Журка выжидательно молчал.
— Ну, будь, — сказал Капрал и поднялся. Протянул руку. Журка встал и нерешительно подал свою. Вообще-то по законам чести и рыцарства давать руку Капралу не следовало. Он был явный жулик, хотя и симпатичный. Но Журка дал. Не потому, что испугался. Просто постеснялся обидеть Капрала.
Глядя под ноги, Журка сказал:
— До свидания.
Шагая к дому, Журка размышлял: зачем все-таки Капралу нужен был этот разговор? И что он вообще за человек? Просто «шеф» хулиганской компании? А для чего ему это? Ребята говорили, что он учится в монтажном техникуме, причем неплохо. Играет в каком-то ансамбле. Матери во всем помогает. И вдруг какой-то Череп рядом, какой-то Шкалик, явная шпана…
Журка подошел к воротам. Ворота были старинные — из железной узорчатой решетки. Они со скрипом поворачивались на шарнирах, вделанных в кирпичные столбы. Журка задумчиво прокатился на половинке ворот, соскочил и увидел Горьку. Он с беззаботным видом шагал через двор.
— Эй, Горька! — обрадовался Журка.
Тот подбежал, выжидательно заулыбался.
— Ну… как? — со стеснением спросил Журка. — Обошлось?
Горька слегка поморщился.
— Сперва ничего… А потом все же распсиховался и врезал.
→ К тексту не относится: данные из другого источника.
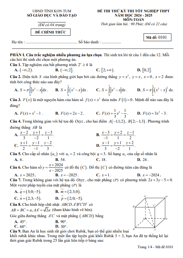 Đề Thi Thử THPT Môn Toán Đề thi thử tốt nghiệp THPT 2025 môn Toán liên trường THPT – Quảng Nam 24/05/2025
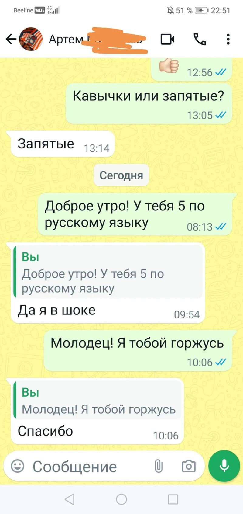 Довольны репетитором, занятия проходят интересно. Быстро нашла подход к ребенку, успеваемость улучшилась. Диана занимается онлайн, и занятия не отличаются от очных. Хотя мы и опасались, но дочь занимается с удовольствием
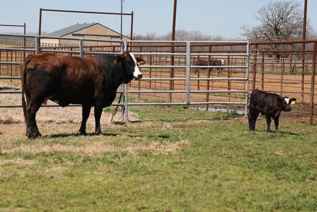 This is a great way to kick off our Brahman X Hereford section. This is an AMAZING chocolate white faced female. She is an ABBA Golden Certified Brahman X Hereford F-1 female with a 30 day old Angus sired calf. Remember that the calf at side is eligible to be enrolled in the ABBA F-1 Plus Program.
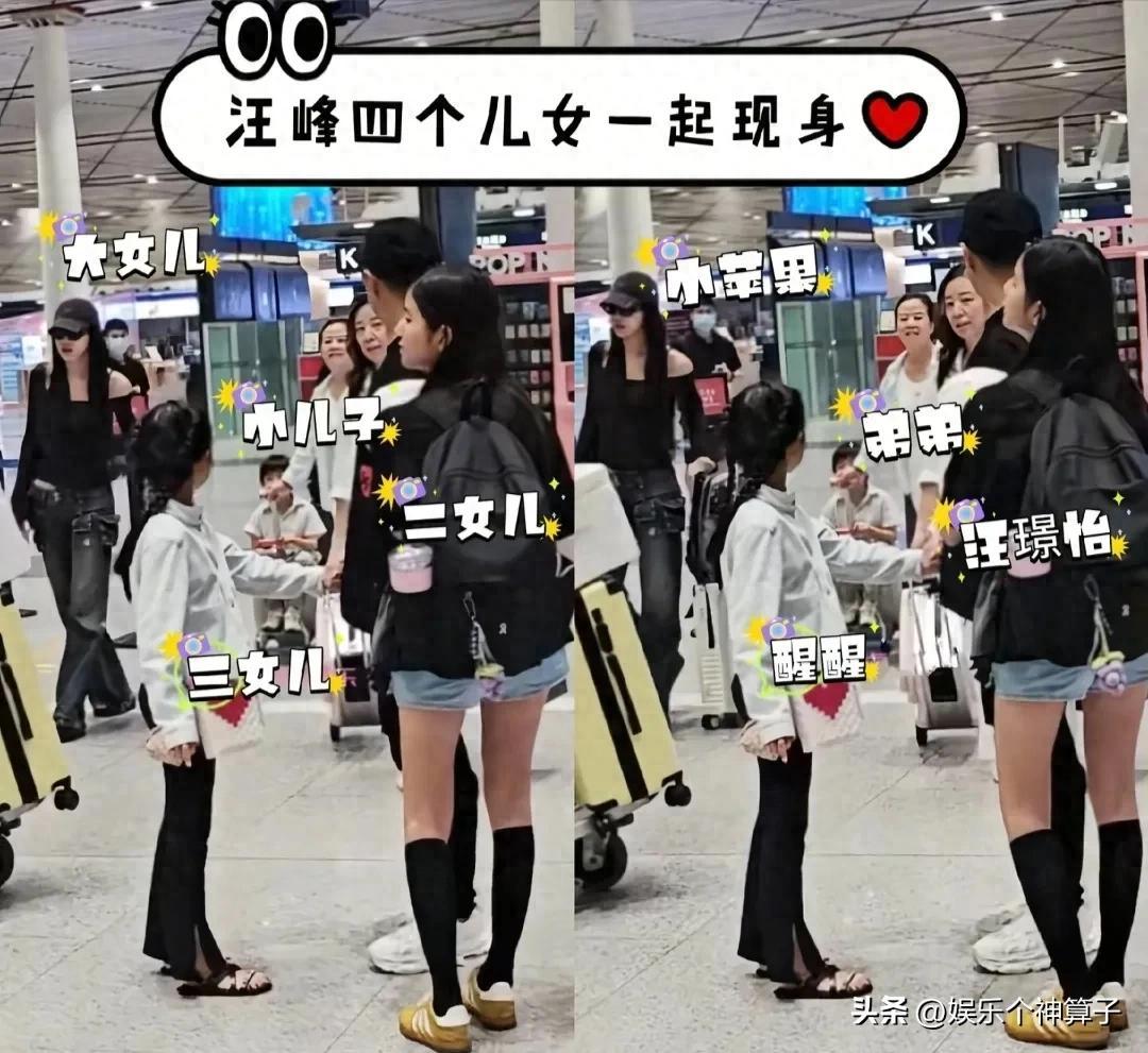 好幸福!汪峯一家五口返程回家,二女兒罕見露面,小蘋果又美又颯
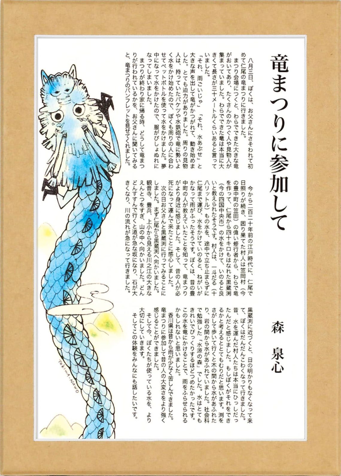 今から二百二十年前の江戸時代に、仁尾でに日照りが続き、困り果てた村人は笠岡村(今の豊中町の笠田)の偉い修行者から、わらで竜を作って、仁尾から四十キロもはなれた黒蔵渕(今の四国中央市)の水をかけて、いのると良いと教えられたそうです。村人は、一斗だる(十八リットル)もの水を、途中で立ち止まらずに仁尾まで運び、水をかけていのると、ねがいがかなって雨がふったそうです。ぼくは、昔の豊中町の人が教えていたことを知って、竜まつりがより身近に感じました。そして、昔の人が必死になって運んで来たことに感心しました。
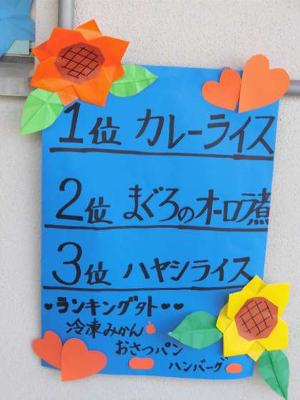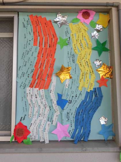 天の川の短冊には、子どもたちの好きな献立が書いてあります。
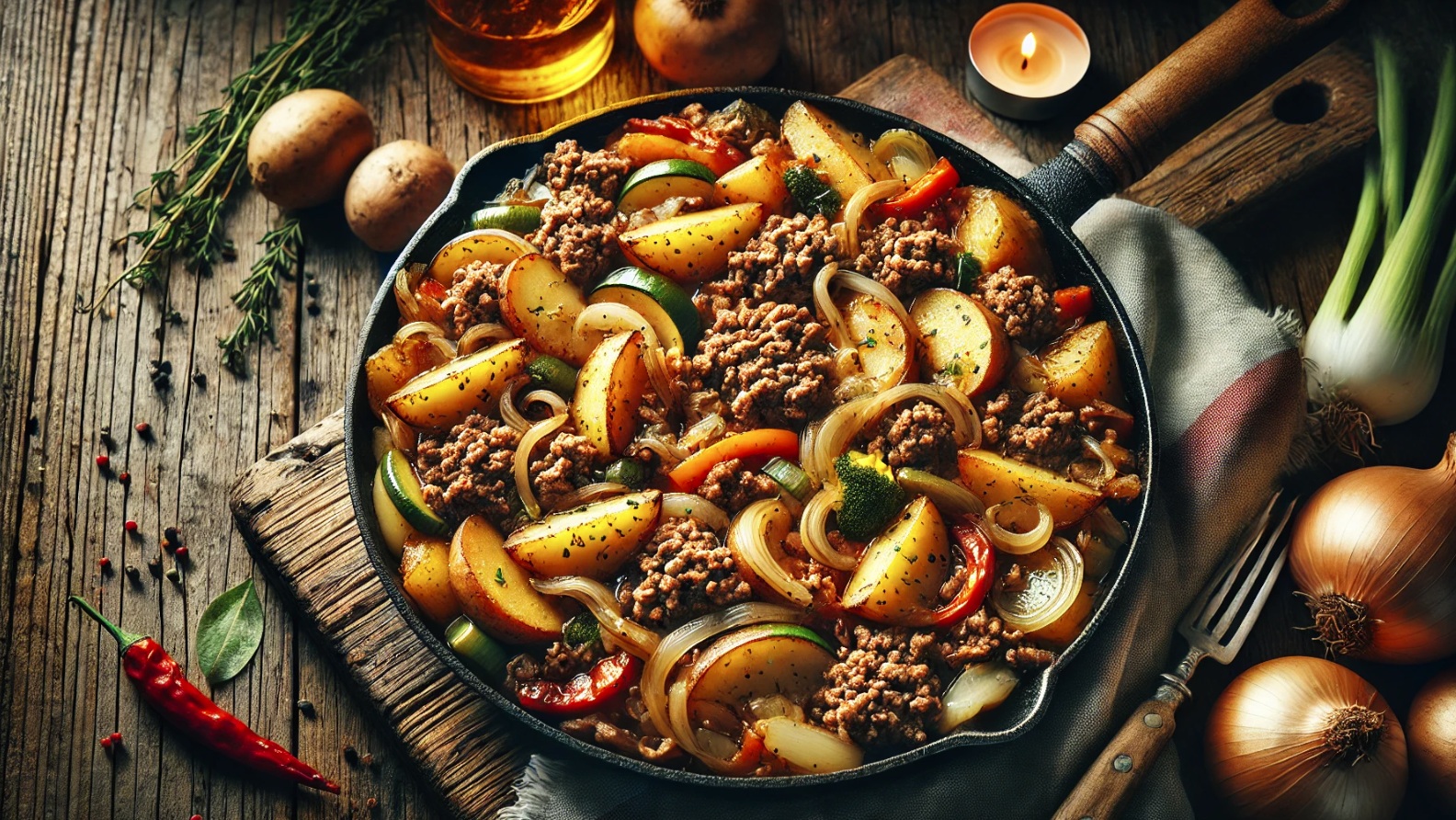 Če iščete hitro in preprosto jed, ki bo nasitila vso družino, je ponev z mleto govedino in krompirjem odlična izbira. Ta jed združuje okusno mleto govedino, mehak krompir in sveže zelenjavne sestavine v eni sami ponvi. Preprosta priprava in bogat okus bosta navdušila vse ljubitelje domače kuhinje.
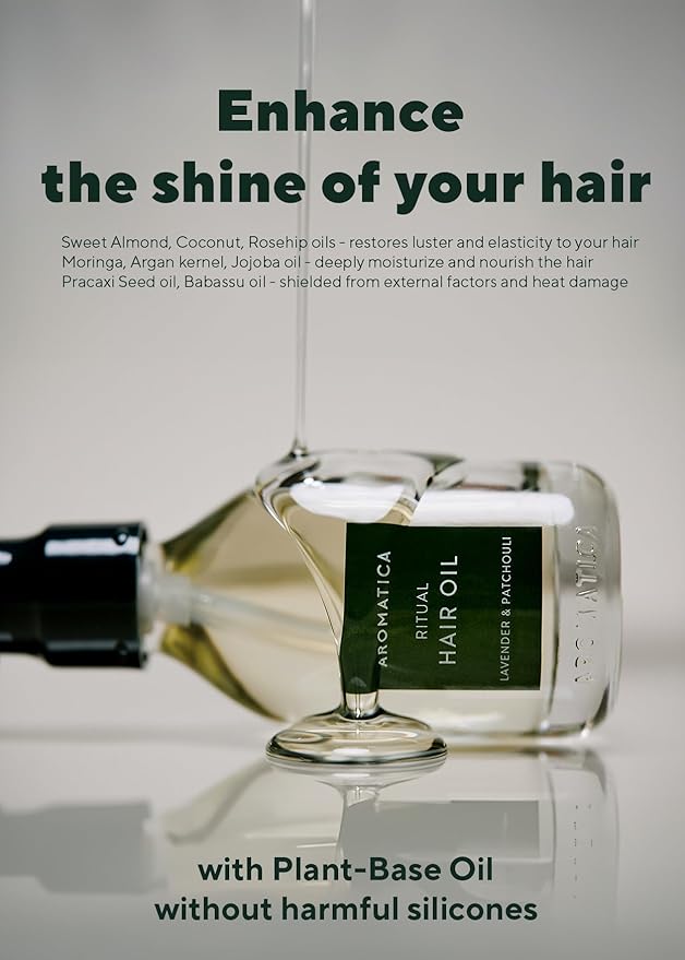 - [AROMATICA Natural Ingredient] Made with safe, natural ingredients like Moringa, Argan, Jojoba, Almond, Coconut, and Rosehip oils, this ritual hair oil nourishes, restores, and transforms your hair for a healthy shine

Но не очень, просто сгоряча. Да и на работу торопился.
Журка вздохнул, будто был виноват.
— Ничего. Теперь пронесло, — успокоил Горька. И сказал откровенно и с удивлением: — Ох и дубина же я был тогда… Ну чего меня дернуло связываться с Капралом? Будто мозги набок…
— А я к нему сейчас в плен попался, — сообщил Журка.
— Как?!
Журка, нервно посмеиваясь, рассказал. А потом добавил:
— Все же непонятный он какой-то. Вроде и не злой…
— Ты ему не верь, — отозвался Горька. — Это он мозги тебе пудрит. Хочет в свою компанию завербовать. Нарочно все подстроил. Шкалика побил за тебя…
— Да зачем я ему нужен?
— Как зачем? — удивился Горька. — Пополняет ряды. Ему тоже смелые люди нужны.
— Какой же я смелый… — растерянно сказал Журка.
— Со стороны виднее.
— Да ну тебя, — поморщился от неловкости Журка. И, подумав, предложил:
— Пойдем ко мне… Только у меня Брандукова… Иринка.
— Ну и что? Пойдем, — охотно сказал Горька.
Иринка в Журкиной комнате вальсировала с Федотом — держала его за лапы и кружила. Федот не сопротивлялся. Увидев Горьку, Иринка не удивилась. Она сказала:
— А, Валохин, привет… Какой ты загорелый! Тоже пойдешь в Исторический сквер?
Горьке было все равно куда идти. Лишь бы с Журкой.
— Пойдет, пойдет, — сказал Журка.
И они пошли.
Стоял безветренный день августа, в солнечном воздухе плыли невесомые пушистые семена. Над большими белыми корпусами в конце квартала подымалось похожее на светлую гору облако. Оно уже начинало розоветь по вечернему. Тревоги и заботы длинного дня постепенно отступали. Иринка шла между Журкой и Горькой, рассказывала про соседского дрессированного пуделя Мишку и смеялась, показывая похожие на пилу зубы.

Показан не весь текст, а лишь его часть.